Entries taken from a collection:
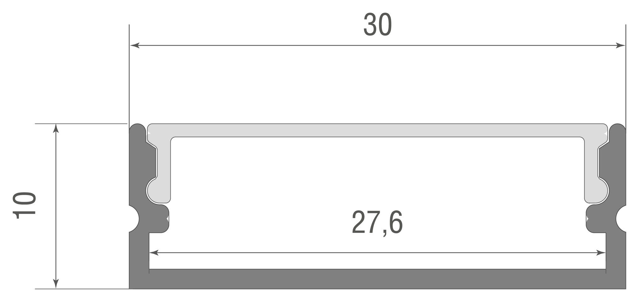 Накладной алюминиевый анод. профиль, 30х10х2000мм. В комплекте матовый экран, 4 торцевые заглушки, 4 крепежа, алюминий
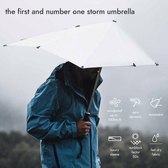 | senz° storm umbrellas 「嵐の傘」となずけられたこの傘の最大の特徴は点対称ではない展開時の傘の形です。 インターナショナルデザインアワード受賞。 そのユニークなデザインは空力学的な合理性から設計されています。 高い耐風性を誇る独自の非対称形状が風をスムーズに切り抜け、強風の中でも片手で楽に持ち運べ裏返るなどのトラブルを防ぎます。 そしてなにより合理的なデザインは美しいものです。 貴方がおもむろに取り出した傘がこの洗練された製品であれば一味違った印象を与えることができます。 senz° original 唯一無二の存在 senz°の原点とも言える、象徴的なストームアンブレラ。senz° originalは前方からの風を効果的に切り、漂うように展開します。だからこそ、強風の中でも片手で楽に持ち運ぶことが可能です。究極の耐風傘は、スタイルと革新性を完璧に融合させた逸品です。 ・アイコニックモデル。 ・時速100km以上でも、常に最適な耐風性を発揮。 ・ショルダーストラップ付きの高級スリーブで快適に持ち運び可能。 ・強化ファイバーグラス製の傘骨 |
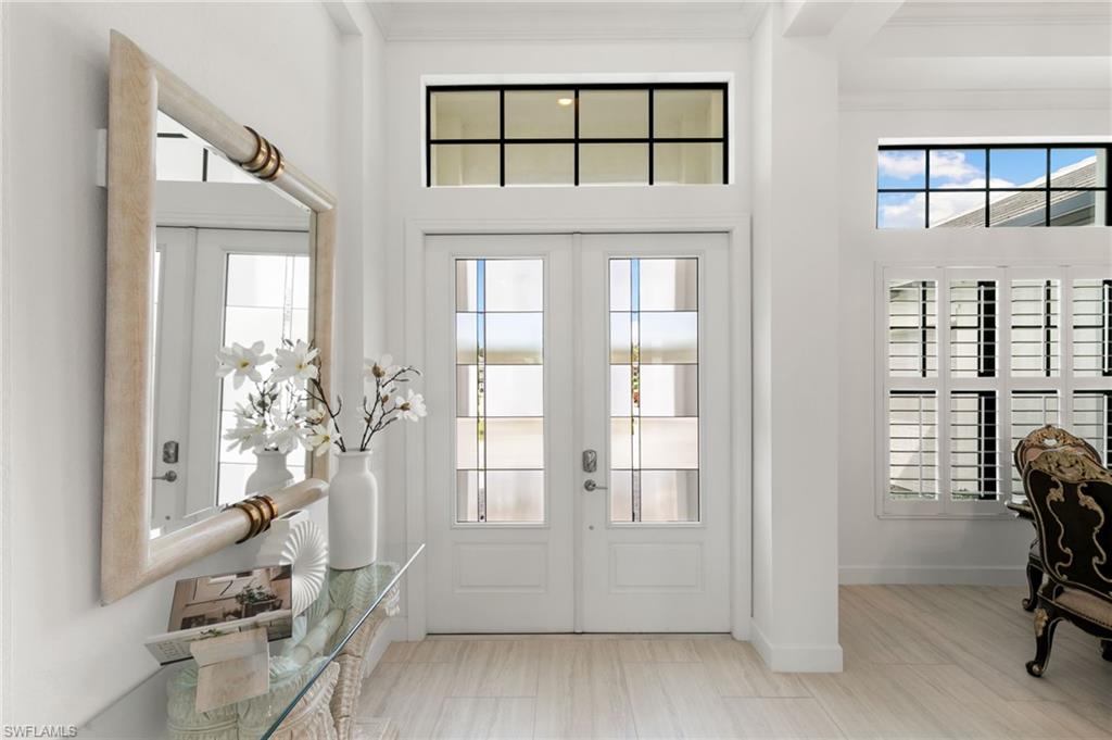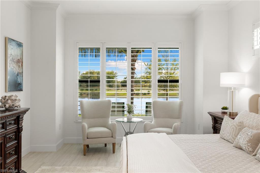 Nestled on a peaceful cul-de-sac within the exclusive Marsh Cove community, this beautifully appointed 4-bedroom, 3.5-bath home combines refined design, soaring ceilings, and a sprawling open concept floor plan. Located just down the street from the stunning Fiddler’s Creek Golf Course Clubhouse, this residence offers outstanding convenience and prime southeastern exposure. Step through glass-paned French doors, which open into an expansive great room with airy tray ceilings, crown molding, and wide-plank tile flooring throughout. Enjoy cooking and entertaining in a stunning gourmet kitchen featuring sleek stainless steel appliances, a French-door refrigerator, gas cooktop, and double wall oven. The quartzite countertops and spacious island offer ample workspace and a perfect gathering spot for family and friends. The walk-in pantry provides excellent storage, while the eat-in kitchen and separate formal dining area create the ideal blend of casual and elegant dining options. The luxurious primary suite, featuring accent windows that flood the space with natural light, is further complemented by plantation shutters and a captivating water view. An in-suite sitting area allows for space to read or reflect, and a private exterior door provides access to your lanai. The suite is enhanced by two walk-in closets and a spa-like bath featuring dual sinks, a dedicated make up vanity, a dual-shower head walk-in shower, and an sophisticated stand-alone tub. Step out towards the serene lake views and onto your screened-in lanai, which is grounded by chic, grey travertine that perfectly frames the dazzling aqua of the salt water pool, zero-edge spa, and sun shelf. An outdoor kitchen, lounge area, and outdoor dining space offer optimal seating and an array of ways to entertain, while the stately colonnades draw your eyes upward toward the beautiful Florida sky. Lower the automatic storm screens for privacy or protection, ensuring that nothing disrupts your peace. Additional highlights include an impressive 3 car garage, plantation shutters and impact doors and windows throughout, a 26KW whole-home generator, tankless water heater, pool bath, mudroom with storage bench, and a three-car garage with epoxy flooring. The award-winning, resort style community of Fiddler's Creek is enhanced by a club and spa, fitness center, swimming pools, two golf courses, tennis courts, pickleball courts, a bocce court, fine and casual dining, social activities, and miles of biking and walking paths. Optional beach club and marina memberships are available. Experience the epitome of luxury living, where every detail is thoughtfully curated to complement your lifestyle.
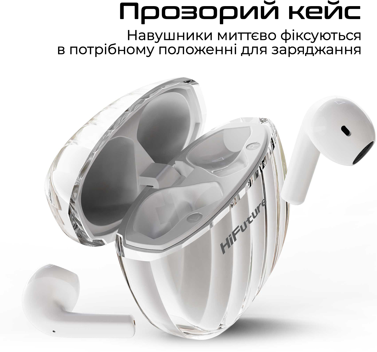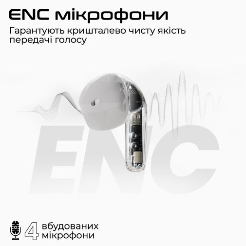 • Прозорий кейс-аккумулятор: З легкістю поміститься в кишені. Завдяки магнітам, навушники миттєво та надійно фіксуються в потрібному положенні для заряджання.
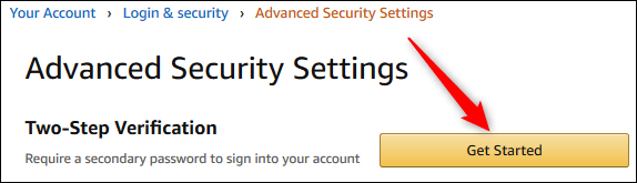 En la parte superior de la página, junto al título «Verificación en dos pasos», haz clic en «Comenzar». Y sí, Amazon lo llama verificación en dos pasos en lugar de autenticación de dos factores. Pero es lo mismo.
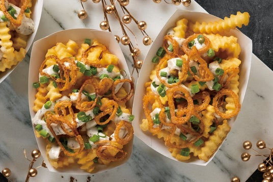 内容:クリンクルカットのフライの上に、フライドオニオン、ねぎ、黒トリュフ入り
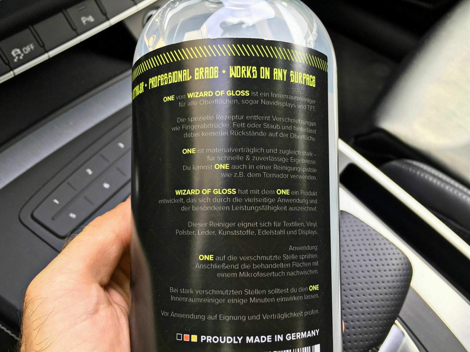 Auch im Innenraum muss natürich etwas gemacht werden. Schon etwas länger erhältlich und bei mir neu mit dabei in diesem Artikel ist der One. Es handelt sich um um einen Innenraumreiniger, den man im Innenraum auf so ziemlich allen Oberflächen anwenden kann. Das wären:
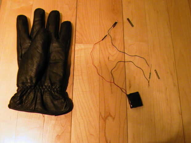 de piezas simples todos los días puede hacer este guante que tiene dos modos. Modo 1 es una salida constante de un poco más de 300 v. mientras que modo 2 tarda unos segundos en cargarse, pero desprende un choque mucho más doloroso. Todos que la tensi
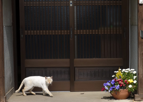 準家ネコのノラが、自宅訪問。はなは、ファミリーと思っているのか吠えずお構いなし。ヤギ達は、気になるのか2人でネコを見ながら固まっています。玄関で、チャイムは場所が高くて押せず、少し空いていた玄関戸から入れず、どうしようかと迷っていました。
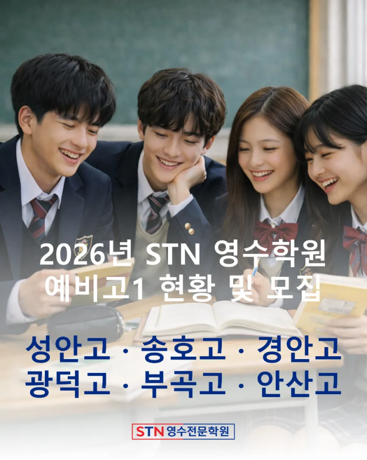 안녕하세요, STN 영수전문학원입니다. 1월, 예비고1 학생들의 고등학교 배정이 모두 완료되었습니다. 국어와 영어는 학교별 출판사가 상이하기 때문에 학생이 어느 학교로 배정되느냐에 따라 학습 방향과 교재 준비가 달라집니다. 그만큼 이번 배정 결과는 저희 강사진에게도 매우 중요한 순간이었는데요, 현재 STN 예비고1 학생들의 배정 학교는 다음과 같습니다. 성안고 · 송호고 · 경안고 · 광덕고 · 부곡고 · 안산고 총 6개 고등학교입니다. 학교별 교과서와 시험 출제 경향을 면밀히 분석하여 내신에 철저히 대비할 수 있는 커리큘럼으로 준비할 예정입니다. 고등학교 3년은 방향이 매우 중요합니다. 입시는 단기간의 성과가 아닌, 꾸준함과....... <img src="https://blogthumb.pstatic.net/MjAyNjAyMTZfNjIg/MDAxNzcxMjQwMTY0NTU1.Nfdyhu0IfYBIjCCvkg6g2pPFVAsqfl1joFsTY2K-jqAg.Dag7LYvuQpvSLzTKBi1BBHwGILhb2IszYaSrKEFQGb8g.PNG/900%A3%DF1771239752089.png?type=s3" />
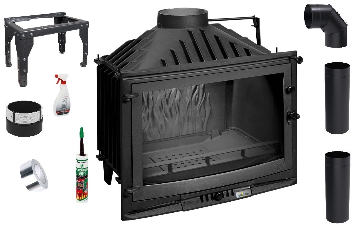 Zestaw 2: Wkład kominkowy powietrzny żeliwny UNIFLAM 700 Selenic ECO z szybrem, moc 10kw + akcesoria
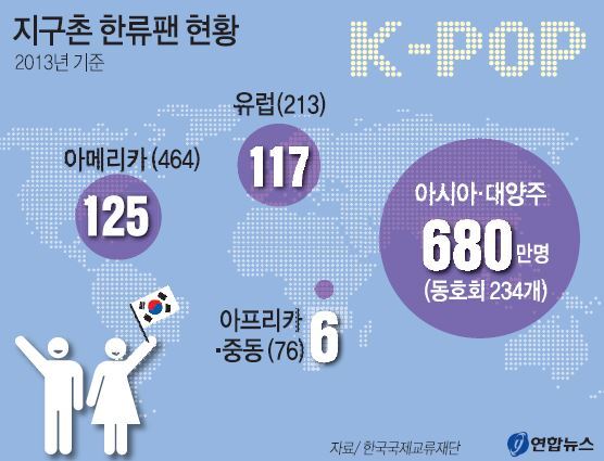 8일 한국국제교류재단이 전 세계 98개국 대사관, 총영사관 등 협조로 발간한 ‘지구촌 한류현황’(총 2권)에 따르면 지난해 지구촌 한류 팬은 아시아·대양주 지역 680만 명, 아메리카 지역 125만 명, 유럽 지역 117만 명, 아프리카·중동지역 6만 명 등 총 928만여 명에 달했다.
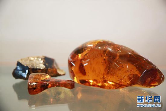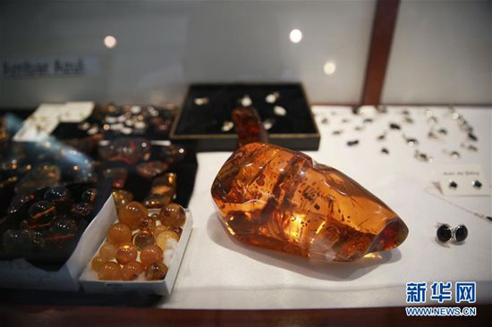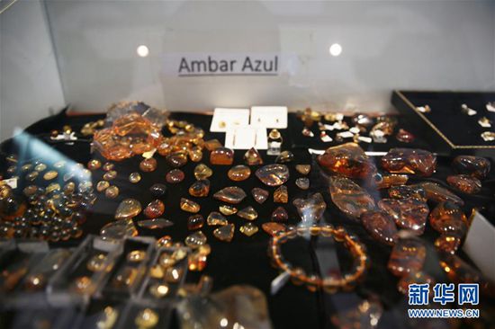 這是5月3日在多米尼加首都圣多明各的琥珀博物館拍攝的琥珀和藍(lán)珀。加勒比海島國(guó)多米尼加盛產(chǎn)琥珀,同時(shí)也是世界珠寶極品——藍(lán)珀的主產(chǎn)地。藍(lán)珀在陽(yáng)光下呈現(xiàn)出夢(mèng)幻的藍(lán)色,是琥珀中最珍貴的品種,被珠寶業(yè)界公認(rèn)為“琥珀之王”。多米尼加琥珀博物館位于圣多明各市中心的哥倫布廣場(chǎng)旁,這里除了展示各式各樣的琥珀外,還有關(guān)于琥珀歷史和琥珀知識(shí)的展覽。新華社記者淡航攝

TASK PROMPT: Copy nothing past the line containing "senz° storm umbrellas": reproduce every line from the start of the records up to it, skipping pictures.

COMPLETED EXERCISE:
 Накладной алюминиевый анод. профиль, 30х10х2000мм. В комплекте матовый экран, 4 торцевые заглушки, 4 крепежа, алюминий
 | senz° storm umbrellas 「嵐の傘」となずけられたこの傘の最大の特徴は点対称ではない展開時の傘の形です。 インターナショナルデザインアワード受賞。 そのユニークなデザインは空力学的な合理性から設計されています。 高い耐風性を誇る独自の非対称形状が風をスムーズに切り抜け、強風の中でも片手で楽に持ち運べ裏返るなどのトラブルを防ぎます。 そしてなにより合理的なデザインは美しいものです。 貴方がおもむろに取り出した傘がこの洗練された製品であれば一味違った印象を与えることができます。 senz° original 唯一無二の存在 senz°の原点とも言える、象徴的なストームアンブレラ。senz° originalは前方からの風を効果的に切り、漂うように展開します。だからこそ、強風の中でも片手で楽に持ち運ぶことが可能です。究極の耐風傘は、スタイルと革新性を完璧に融合させた逸品です。 ・アイコニックモデル。 ・時速100km以上でも、常に最適な耐風性を発揮。 ・ショルダーストラップ付きの高級スリーブで快適に持ち運び可能。 ・強化ファイバーグラス製の傘骨 |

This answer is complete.